I do love a good spat, especially when it involves ({*}), which yours does not at all, but I also love any excuse to spread an emoticon vagina to the masses. For those not ITK, which stands for "in the know" (Not really, I'm just being an asshole), an emoticon is a graphic representation of an emotion or a facial expression, though occasionally you might come across emoticons that convey random ridiculous things, like robots playing football or stick figures getting flogged, which was, coincidentally, quite handy for my last Abstinence Instruction for Toddlers seminar.


Emoticons have actually been around since 1982, when the only video game we had involved covered wagons and dysentery and where our soda had actual calories. Those were dark times indeed. Thank god we can now simulate a pile of poop with swarming flies in our instant messaging!
 
There are a few situations where emoticons should never be used, such as in any professional context, e.g. resumes, job applications, cover letters, etc. There is a little bit of leeway involving work emails with coworkers, but it depends on the casualness of your office and/or clientele. The general rule of thumb to gauge emoticon appropriateness in texts or online is to mirror those you're communicating with. If you're g-chatting Tyra Banks, for instance, then by all means, type in all <3s and uppercase J's. That's how I got my guest stint as "Wind Machine Holder #3" on "America's Next Top Model."

In terms of more casual interactions, I took an informal poll because I am biased on the subject (my great-grandfather invented this emoticon <:3)~, which is either a mouse or Steve Buscemi. I can't quite remember). The consensus was to use emoticons sparingly, less so in emails, and never with those who are in positions of authority, such as school marms or your boss. You are allowed smiley/frowny faces to convey humor or sympathy, especially dry humor that could easily be misconstrued. 

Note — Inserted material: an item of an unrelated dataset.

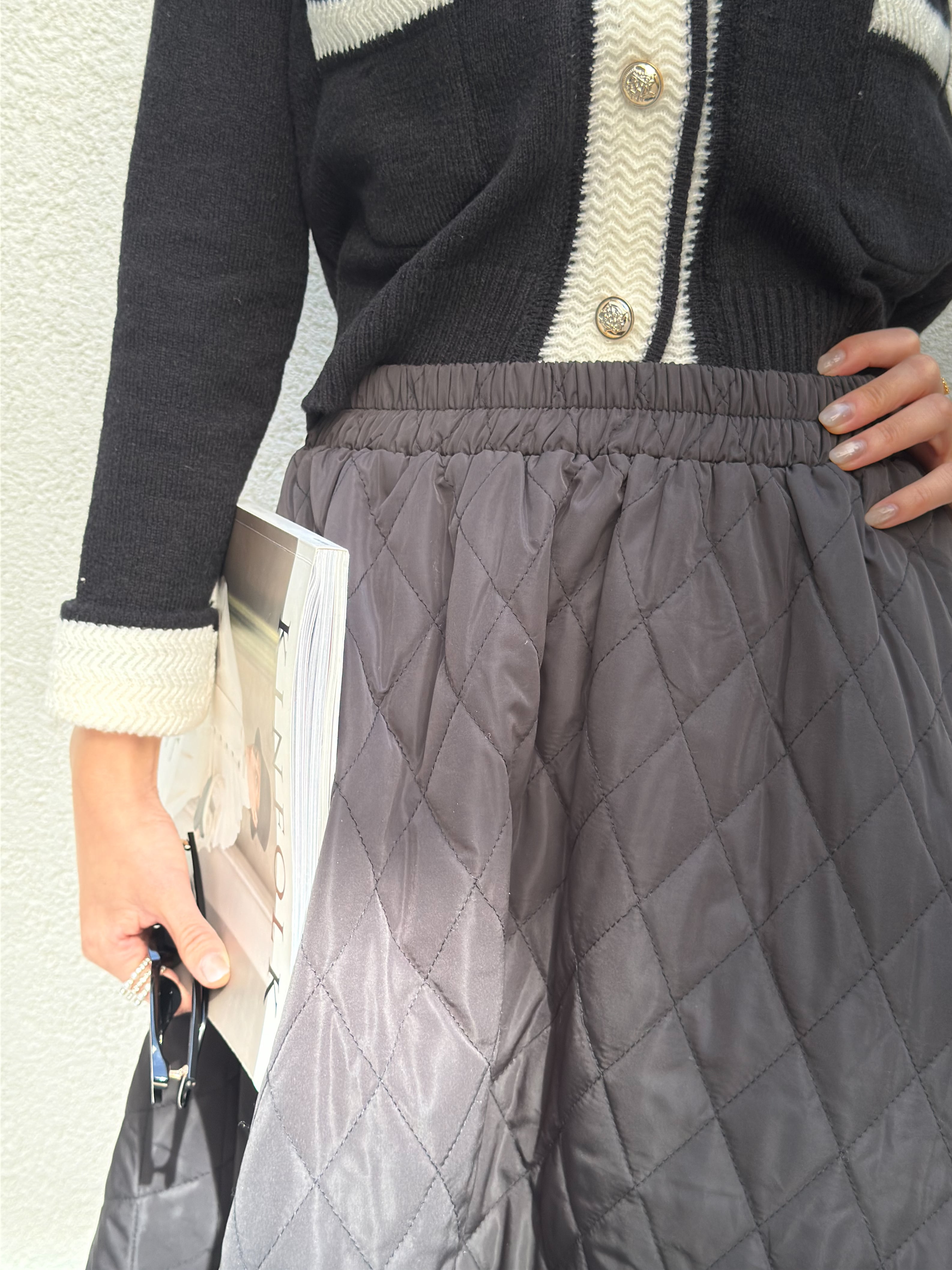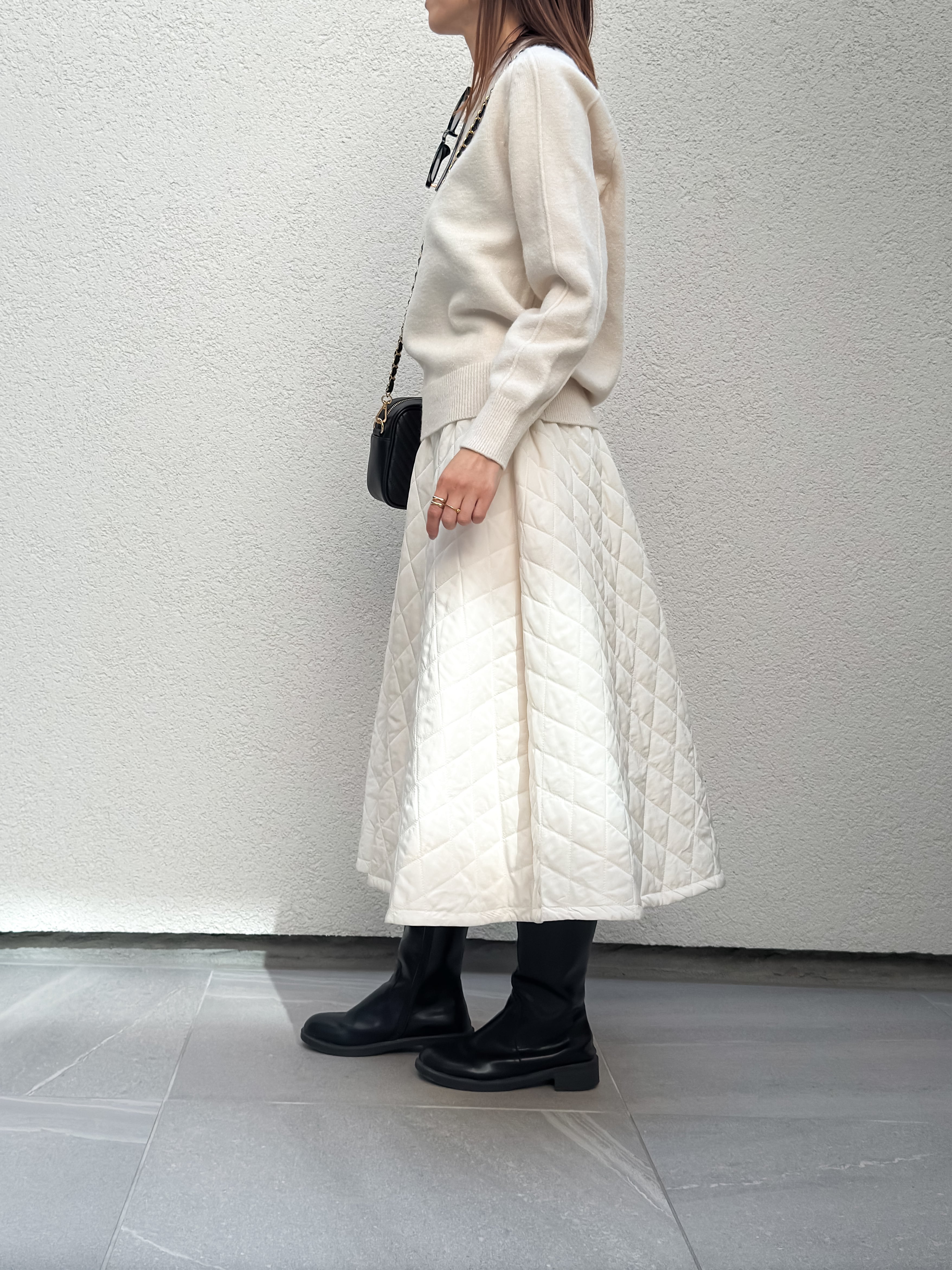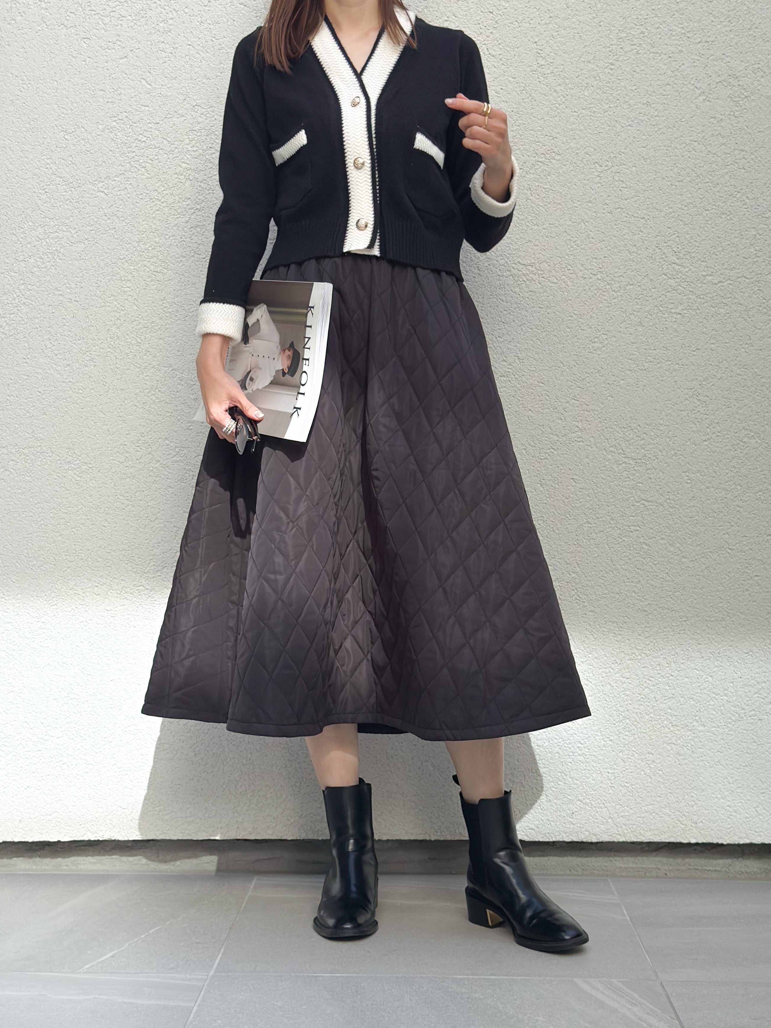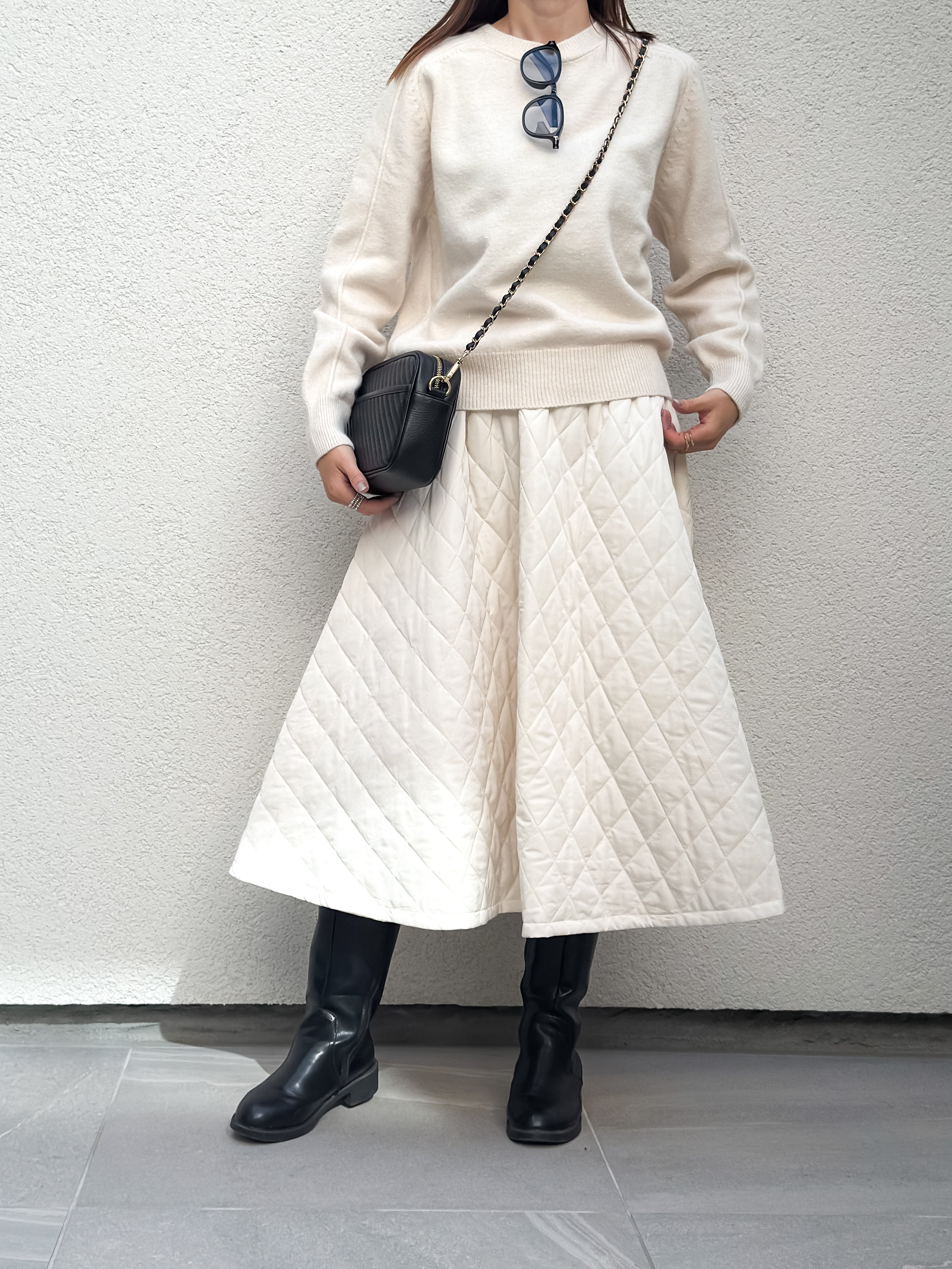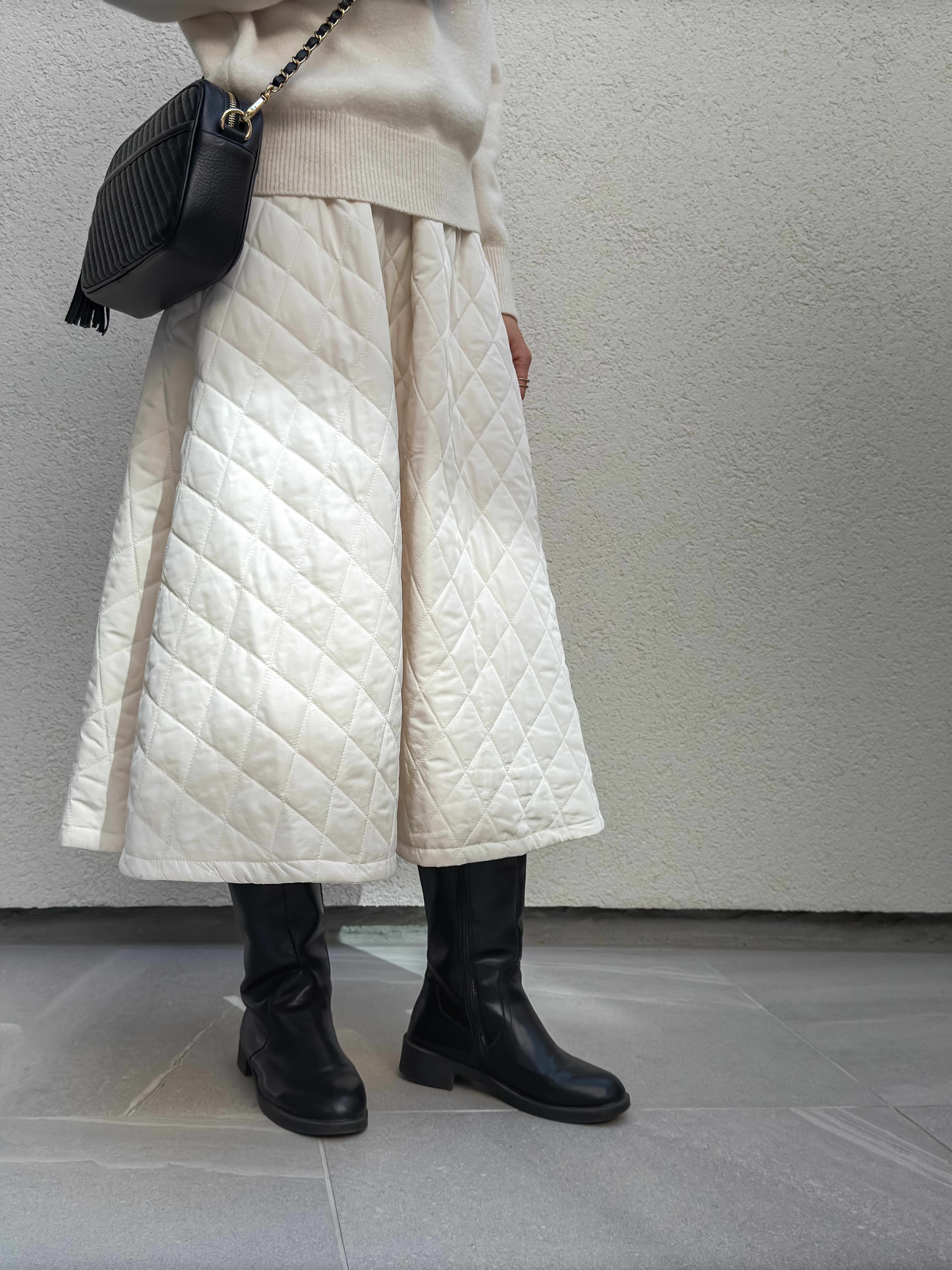 立体的なキルティングデザインが上品で、ボリュームが出過ぎずすっきりとした印象に

As one friend on Team Emoticon put it, "Communication is 90% nonverbal, so when conversations are distilled to texts, it's impossible to pick up on tone and body language, and thus easier to read your own assumptions into the text." And because unless a guy includes three smiley faces in an email to me, I'm like, OMIGOD WHY DOES HE HATE ME? WHY AM I SO ANNOYING???" Which is when our chat window closed suddenly.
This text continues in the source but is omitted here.